3) Evaluation of Emotional Expressiveness in Singing Voice Synthesis
To assess the emotional expressiveness of different singing voice synthesis methods, we adopt two key metrics: Variance Mean Opinion Score (VMOS) and F0 Pearson Correlation (FPC).
As shown in
Table 6 and
Figure 11, LLFM-Voice achieves the best performance on both VMOS (4.03) and FPC (0.79), demonstrating its ability to generate singing voices that are not only natural but also rich in emotional expressiveness. Compared to Visinger, LLFM-Voice shows significant improvements in both metrics. While Visinger, based on the VITS architecture, can generate clear singing audio, it exhibits limitations in expressive control, particularly when handling highly dynamic emotional transitions. In contrast, LLFM-Voice leverages an autoregressive content front-end, enabling dynamic adjustments of pitch, rhythm, and energy throughout long-form singing sequences, resulting in more accurate emotional portrayal. Relative to Diffsinger, LLFM-Voice also shows marked improvements in both VMOS and FPC. Although diffusion models can retain some emotional cues during the denoising process, their non-autoregressive architecture often leads to discontinuities in emotional progression, resulting in rigid transitions. LLFM-Voice, with its context-aware modeling capability powered by a large language model, ensures smoother emotional flow and more natural expressiveness in synthesized singing. When compared to ComoSpeech, LLFM-Voice demonstrates a more noticeable gain in VMOS, while the improvement in FPC is relatively modest.

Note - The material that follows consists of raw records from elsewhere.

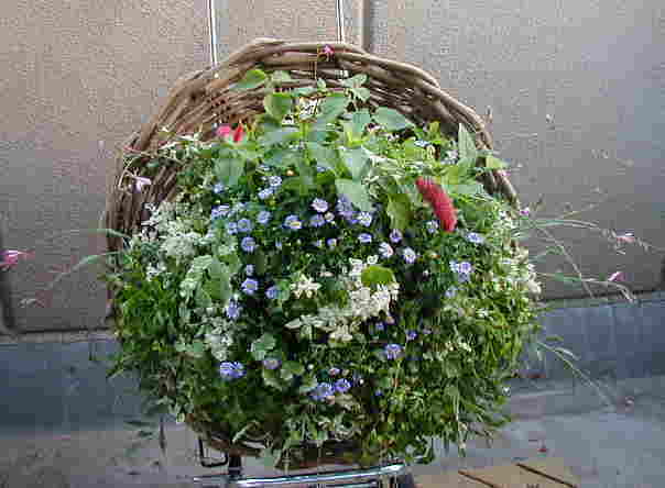 | 9/28(金) | 今日作ったブラキカム、アカリファ、ガウラなどのハンギング。今日作ったとは思えないでしょ? ずーっと独学で好きなように(滅茶苦茶に)作りつづけてきたアニスですが、今日初めて講習会にて勉強してきました。独自の方法でたくさんの苗を植え込んで作ってすぐから綺麗なハンギングを作られている青木先生のところまで行ってきました。今までの作り方とは全く違うので戸惑うことばかり。、しかも手先の不器用な私にマスターできるかどうか不安が多いですが、是非近いうちに自力でおさらいしたいです。 |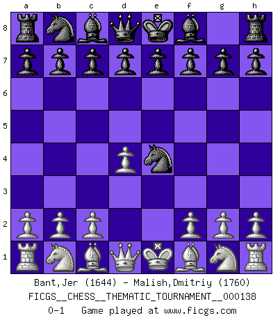Last move : 0-1 2012 January 15 18:19:51 [Event "FICGS__CHESS__THEMATIC_TOURNAMENT__000138"] [Site "FICGS"] [Date "2011.11.05"] [Round "1"] [White "Bant,Jer"] [Black "Malish,Dmitriy"] [Result "0-1"] [WhiteElo "1644"] [BlackElo "1760"] 1.d4 Nf6 2.e4 Nxe4 0-1 This chess game has been lost on time (started : 2011.11.05 11:31:48) Queen's pawn game Player Black won this chess game. Follow this game move after move (download)I look one move ahead... the best ! (Siegbert Tarrasch) Im Leben werden Partien nie so unstrittig gewonnen wie im Spiel (Emanuel Lasker) Por la belleza de sus partidas, la claridad de su juego y lo brillante de sus ideas, Fischer se creó el mismo como un artista de la misma estatura como Brahms, Rembrandt y Shakespeare. (David Levy) Aidez vos pièces, elles vous aideront. (Paul Morphy) Sometimes it pays to stay in bed in Monday, rather than spending the rest of the week debugging Monday's code. (Dan Salomon)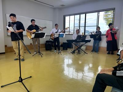 19日(日)に、芝原ふれあい会館で「芝原5丁目秋祭り」が行われ、合唱部が芝原5丁目メモリアルバンドとジョイントコンサートを行いました。「我らがふるさと芝原」と題して、楽しい雰囲気の中で7曲を歌いました。皆さんの笑顔が印象的でした。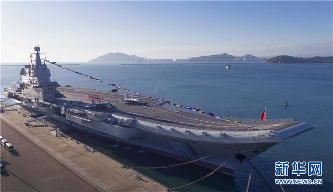 2019年12月17日,我國第一艘國產(chǎn)航空母艦山東艦在海南三亞某軍港交付海軍。經(jīng)中央軍委批準(zhǔn),我國第一艘國產(chǎn)航母命名為“中國人民解放軍海軍山東艦”,舷號為“17”。這是2019年12月15日拍攝的停靠在海南三亞某軍港的山東艦(無人機(jī)照片)。 新華社記者 李剛 攝

This suggests that ComoSpeech, using DDPM-based progressive denoising, excels in preserving detailed acoustic features and prosodic stability. However, its pitch variation tends to be relatively flat, limiting its ability to express dynamic emotional changes. In contrast, LLFM-Voice employs hierarchical modeling of expressive singing features, allowing finer control over pitch, vocal techniques, energy, and tension, thereby enhancing emotional depth and dynamic variation in synthesized singing.
As illustrated in
Figure 12, we further analyzed the pitch contour of generated singing voices. LLFM-Voice is capable of producing vibrato with natural tremolo characteristics during sustained notes, as well as appropriate melodic ornaments such as pitch slides and turns, based on emotional semantics. Thanks to the contextual modeling of the large language model, the system achieves smooth pitch transitions between phonetic units. In contrast, Visinger and ComoSpeech, despite offering some level of pitch control, lack musical expressiveness in the form of ornamental techniques like vibrato or pitch transitions. Diffsinger can synthesize vibrato in certain segments, but its lack of strong contextual continuity often leads to abrupt transitions.